- [Your instructions]:
The reply must contain exactly the lines below from the one with "This inviting home" down to the one with "La Municipalidad de", both included, and nothing more; please omit the pictures.

- [Entries provided]:
==========
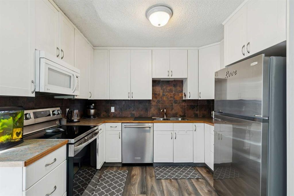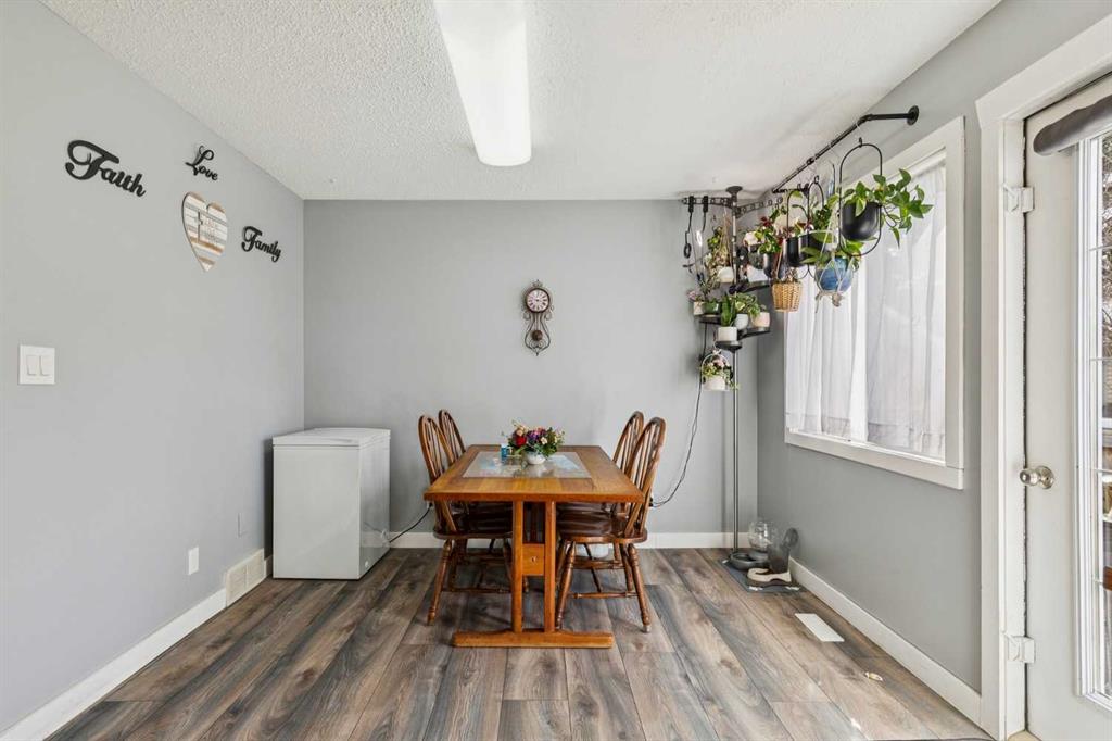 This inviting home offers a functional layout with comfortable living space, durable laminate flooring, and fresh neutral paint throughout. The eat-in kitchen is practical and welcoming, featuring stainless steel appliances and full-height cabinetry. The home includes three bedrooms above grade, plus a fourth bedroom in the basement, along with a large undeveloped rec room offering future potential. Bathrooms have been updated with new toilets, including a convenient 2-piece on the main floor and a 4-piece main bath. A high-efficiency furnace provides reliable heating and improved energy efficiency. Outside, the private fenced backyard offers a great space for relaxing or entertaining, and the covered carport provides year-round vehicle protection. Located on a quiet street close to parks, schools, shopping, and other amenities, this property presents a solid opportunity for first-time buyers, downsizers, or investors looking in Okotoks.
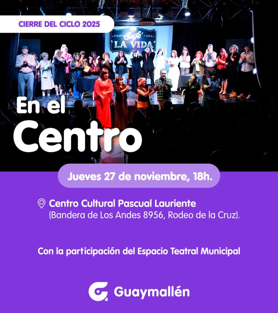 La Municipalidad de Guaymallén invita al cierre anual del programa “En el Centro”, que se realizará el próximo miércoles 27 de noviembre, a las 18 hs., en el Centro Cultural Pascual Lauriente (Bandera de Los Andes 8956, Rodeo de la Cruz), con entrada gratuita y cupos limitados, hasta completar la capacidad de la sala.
==========
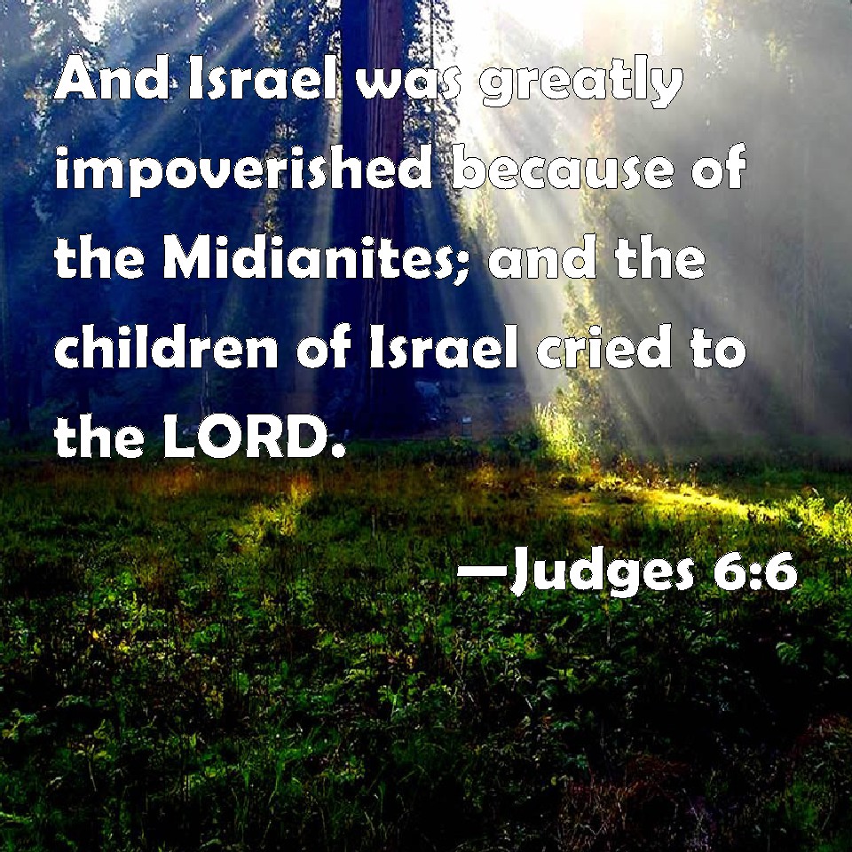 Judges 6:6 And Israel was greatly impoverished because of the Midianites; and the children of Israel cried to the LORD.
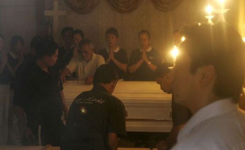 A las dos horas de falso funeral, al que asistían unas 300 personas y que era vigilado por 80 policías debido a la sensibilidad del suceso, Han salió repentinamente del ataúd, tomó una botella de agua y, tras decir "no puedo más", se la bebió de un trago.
==========
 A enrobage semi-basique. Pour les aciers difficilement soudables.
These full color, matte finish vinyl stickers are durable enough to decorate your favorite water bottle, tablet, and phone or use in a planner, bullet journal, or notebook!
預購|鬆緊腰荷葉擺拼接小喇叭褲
==========
- [Solution]:
 This inviting home offers a functional layout with comfortable living space, durable laminate flooring, and fresh neutral paint throughout. The eat-in kitchen is practical and welcoming, featuring stainless steel appliances and full-height cabinetry. The home includes three bedrooms above grade, plus a fourth bedroom in the basement, along with a large undeveloped rec room offering future potential. Bathrooms have been updated with new toilets, including a convenient 2-piece on the main floor and a 4-piece main bath. A high-efficiency furnace provides reliable heating and improved energy efficiency. Outside, the private fenced backyard offers a great space for relaxing or entertaining, and the covered carport provides year-round vehicle protection. Located on a quiet street close to parks, schools, shopping, and other amenities, this property presents a solid opportunity for first-time buyers, downsizers, or investors looking in Okotoks.
 La Municipalidad de Guaymallén invita al cierre anual del programa “En el Centro”, que se realizará el próximo miércoles 27 de noviembre, a las 18 hs., en el Centro Cultural Pascual Lauriente (Bandera de Los Andes 8956, Rodeo de la Cruz), con entrada gratuita y cupos limitados, hasta completar la capacidad de la sala.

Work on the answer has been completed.